Anneme sorarsanız esas kısır olan konu budur. Kısırlığı da mahremiyetinden gelir biraz. Öyle uluorta konuşulmaz. ‘Hamile olduğumuzdan bile doğurduğumuzda haberdar olurdu büyüklerimiz’ der her zaman.
Bu sefer de dedi ve son noktayı koymadan önce lafı Emin Çölaşan’a getirdi. ‘Sen bir tek gün Emin Çölaşan’ın eşinden bahsettiğini gördün mü?’
Ve telefonu kapattı.
Katillere bile savunma hakkı veriyorlar. Allah’tan şu köşe var yani...
Fakat her şey bir yana, köşe yazıları konusunda annemin hakkını teslim etmek lazım. Sıkıyönetim zamanlarında gazeteleri denetleme işini kendisine vermemeleri memleket için büyük kayıptır. Gerçi asker değil ama fahri olarak alnının akıyla altından kalkardı bu işin, eminim.
Gelelim telefonda veremediğim cevaba...
Anacığım,
Biz birbirimizin alanına girmiyoruz.

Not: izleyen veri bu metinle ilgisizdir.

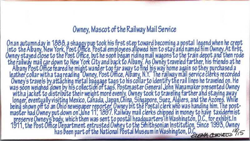 | | 2010s | | 1264 | 4547 | 7/27/2011 | Owney the Postal Dog; Cornejo, Elena; 15 made | $25.00 |
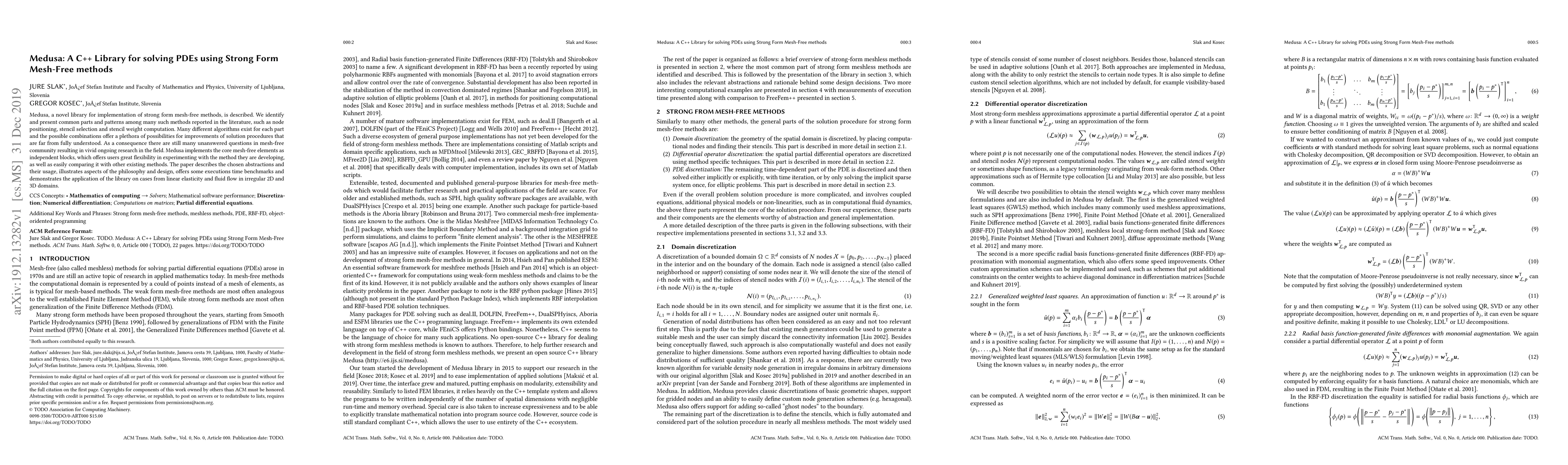 Medusa is a C++ library that implements mesh-free methods for solving partial differential equations (PDEs), allowing users to experiment with different algorithms and compare results.
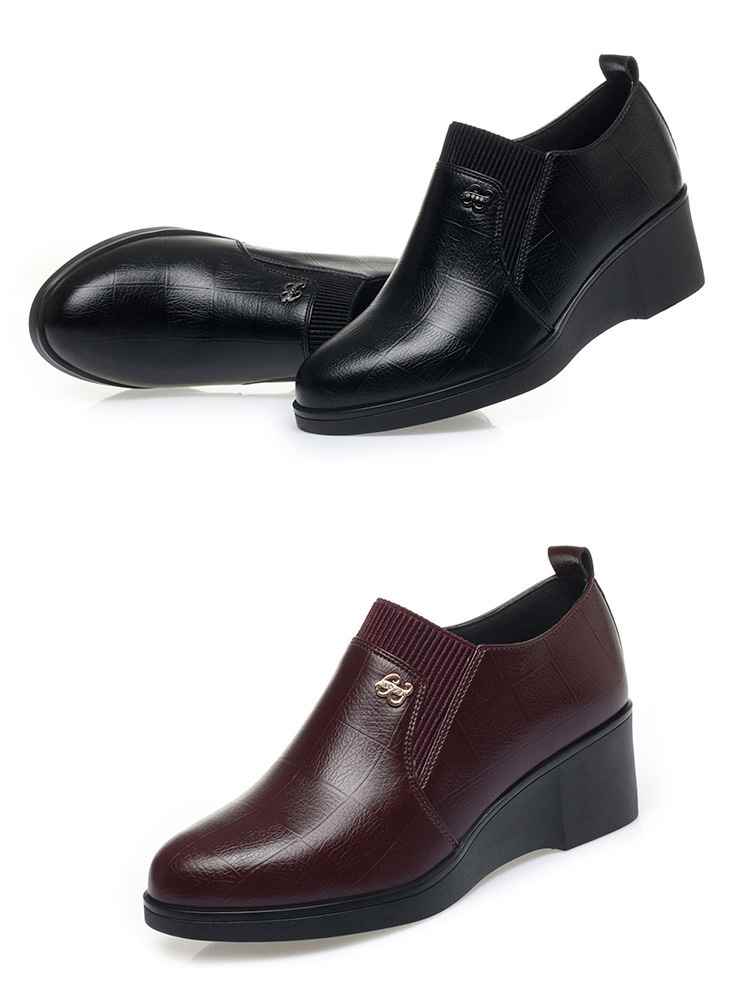 坡跟增高軟皮復古舒適女鞋【買一送一】【黑色】+【酒紅色】各一雙(到手兩雙,每雙均價549元!)
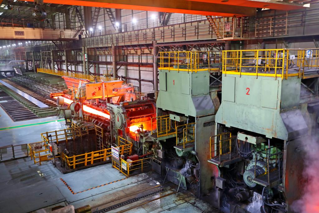 6月13日在廣東省湛江市東海島拍攝的寶鋼湛江鋼鐵有限公司生產(chǎn)車(chē)間內景。新華社記者龔兵 攝
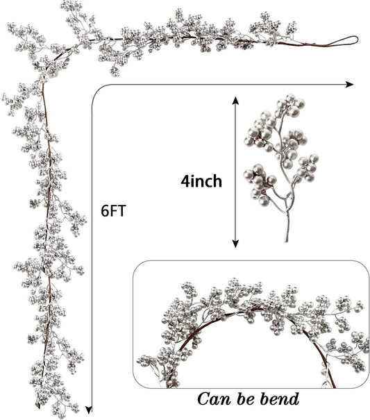 5.9Ft Silver Berry Christmas Garland with Light Artificial Garland for Indoor Mantle Staircase Home Christmas Decoration

Sen de benim misal Melih Gökçek hakkında iki satır yazdığımı gördün mü hiç?
Şu anda ne dediğini duyar gibi oluyorum... ‘Sanki yapabilirdin de yapmadın!’
***
Aslında Anneler Günü için bugün bir şeyler yazmaktı benim planım.
Neden iki gün gecikmeli?
Sırf, ‘Geçmiş Anneler Günü’nüz kutlu olsun’ diyebilmek için. Her zaman heves etmişimdir. Hani bir ay sonra geçmiş bayramınızı kutlarlar... Sonunda ben de kendime kısmet ettim işte! Anneler! Geçmiş Anneler Günü’nüz kutlu olsun!

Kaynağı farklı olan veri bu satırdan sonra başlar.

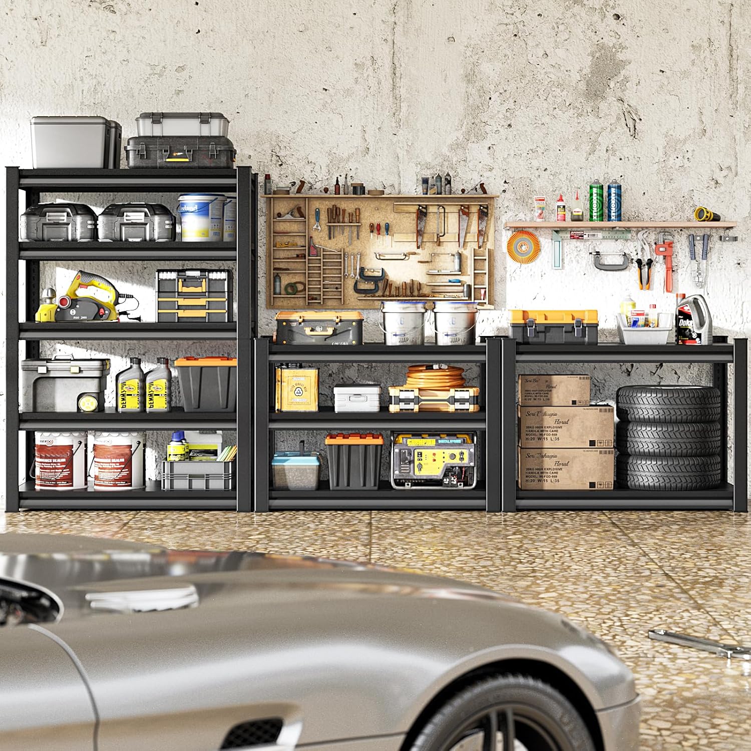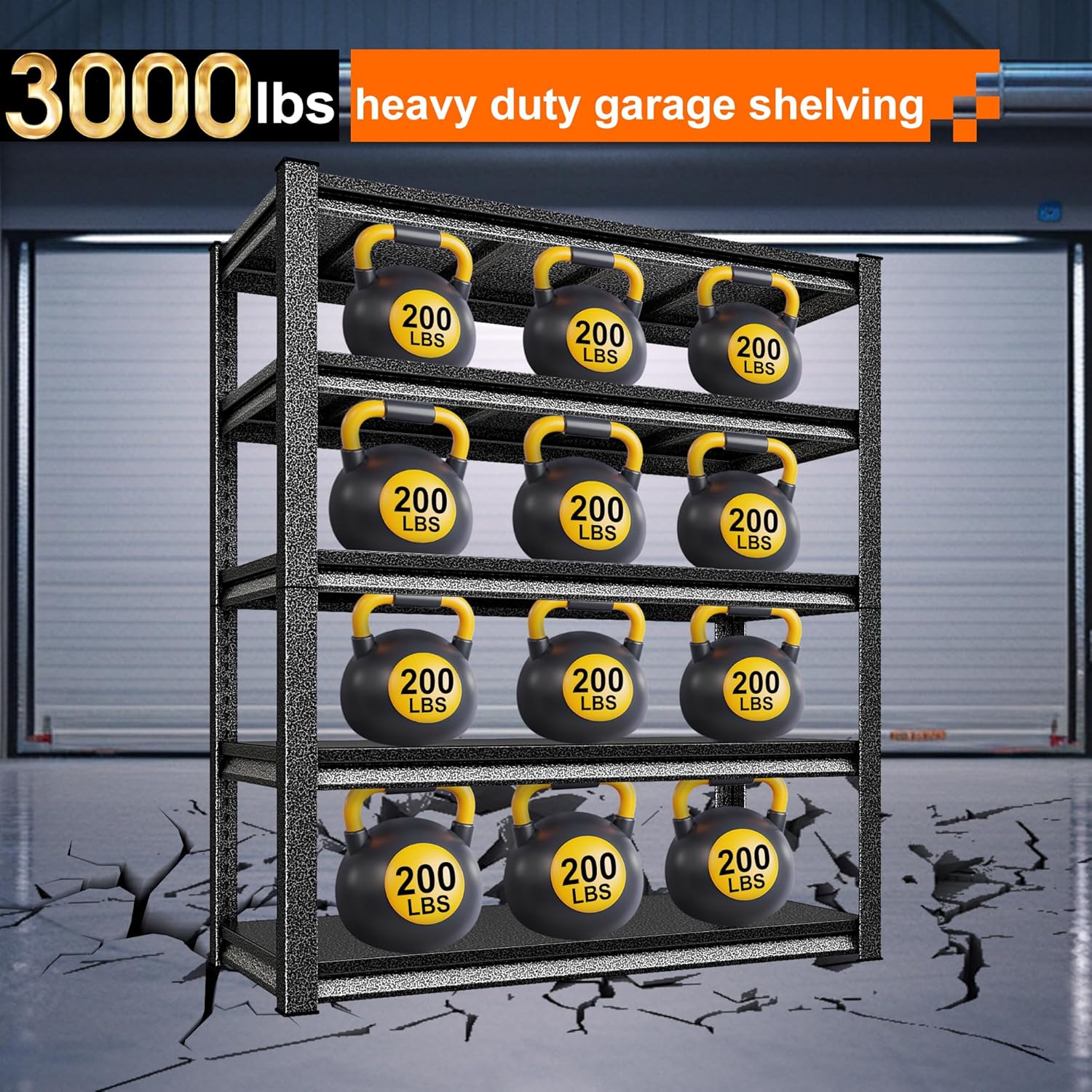 - 【Sturdy and Durable 】: The 5-tier metal shelving unit is made of upgraded premium steel laminates instead of flimsy wood board. No matter how much weight you put within 3000lbs on shelves, the garage shelving will not wobble or shake.

Şimdi aniden başka bir konuya geçiş yapıyorum. Gerçi çok yazıldı ama ben paranoyak Pakize olarak öküz altında buzağı arayacağım daha ziyade.

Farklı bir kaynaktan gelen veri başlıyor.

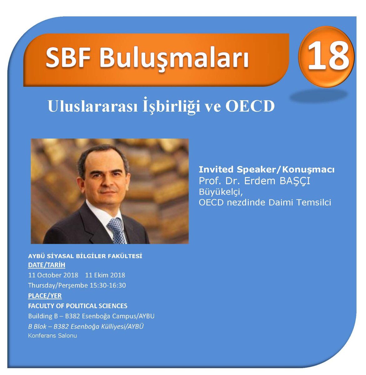 Ankara Yıldırım Beyazıt Üniversitesi Siyasal Bilgiler Fakültesi tarafından düzenlenen “Uluslararası İşbirliği ve OECD” konulu seminer, OECD Büyükelçisi Erdem Başçı'nın Merkez Bankası eski başkanı tarafından verildi.
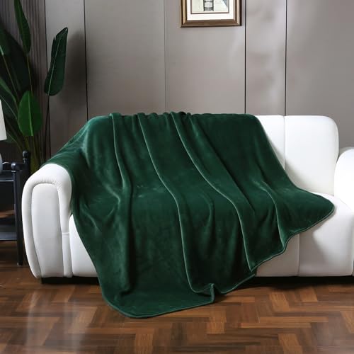 MERRYLIFE - بطانية محبوكة سميكة من صوف مخملي ميلكي للكنبة، بطانية مخملية فائقة النعومة مزخرفة وملونة للسفر والسرير والمكتب (1.5 × 2.03 م، أخضر)
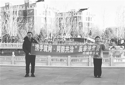近日,中汇人寿保险股份有限公司白城中心支公司组织开展了防范非法集资宣传教育活动。活动通过“线上+线下”等方式同步开展,向广大消费者警示非法集资的形式特点与危害,切实帮助消费者维护自身合法权益不受侵害。图为工作人员在白城市秋实园宣传防范非法集资活动。刘旭东 摄
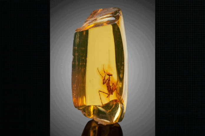 මෙන්න මේ වගේ ඇම්බර් ෆොසිලයක් ඇතුලෙ හිරවුනු වන්දාට වසර මිලියන තිහකට වඩා වයස බව කීවොත් පුදුම වියයුතු නෑ.
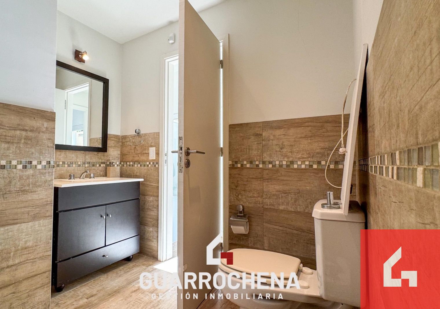 La propiedad está diseñada para disfrutar del entorno natural, con un hermoso jardín y áreas verdes que destacan la forestación del lugar. Además, cuenta con cochera semicubierta, calefacción, conexión para lavarropas, parrilla, y un acogedor living-comedor. Los servicios como Internet, cable TV y WiFi están disponibles, garantizando un estilo de vida moderno y conectado.
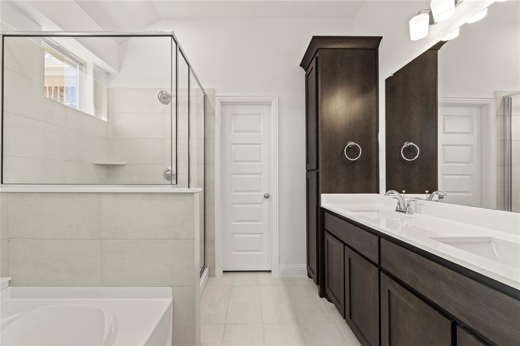 MLS# 20802305 - Built by Kindred Homes - Ready Now! ~ Monthly Payment: $3,133.65 - see terms. Welcome to the Brazos, where modern luxury meets thoughtful design. The stunning exterior boasts dark brick, white stone, and a 3-car garage. Inside, light luxury vinyl plank flooring flows throughout the open-concept living area, connecting the kitchen, dining, and family rooms. The kitchen features a central island and overlooks the family space. The spacious owner's suite includes a walk-in closet, dual vanities, soaking tub, and glass-enclosed shower. Upstairs, you'll find a game room, secondary bedrooms with walk-in closets, and a private bath. Situated on a quarter-acre lot backing to green space, this home also offers a study, laundry room, powder bath, and extra storage.

Resmi bir ziyaret için ülkenin birine gitmiş olan başbakan ve eşine günlük programla ilgili önceden bir bilgi verilmez mi? Hani nerelere gidecekler, hangi davetlere katılacaklar... Ona göre giyinir insan hiç olmazsa.
Yunanistan’a giden bizimkilere kimse bilgi falan vermemiş belli. Aniden tutup Akropol’e götürdüler demek ki Emine Erdoğan iki karış topuklarıyla kollarda gezebildi ancak.
Nereden baksanız eskiden kalma bir düşmanlık var. Kadıncağızı düşürüp güleceklerdi. Son anda koluna girip dostluğu yeniden tesis ettiler neyse.
MIŞ-MUŞ
Unakıtan ‘Dolar alan zarar da edebilir kár da’ demiş.
Üçüncü alternatifi de siz bulun!
Bütün dünyanın derdi şişmanlıkmış.
‘Elle gelen düğün bayram’ demiş atalarımız.
75 yaşında Rum kadın Erdoğan’a ‘Çok yakışıklısınız’ demiş.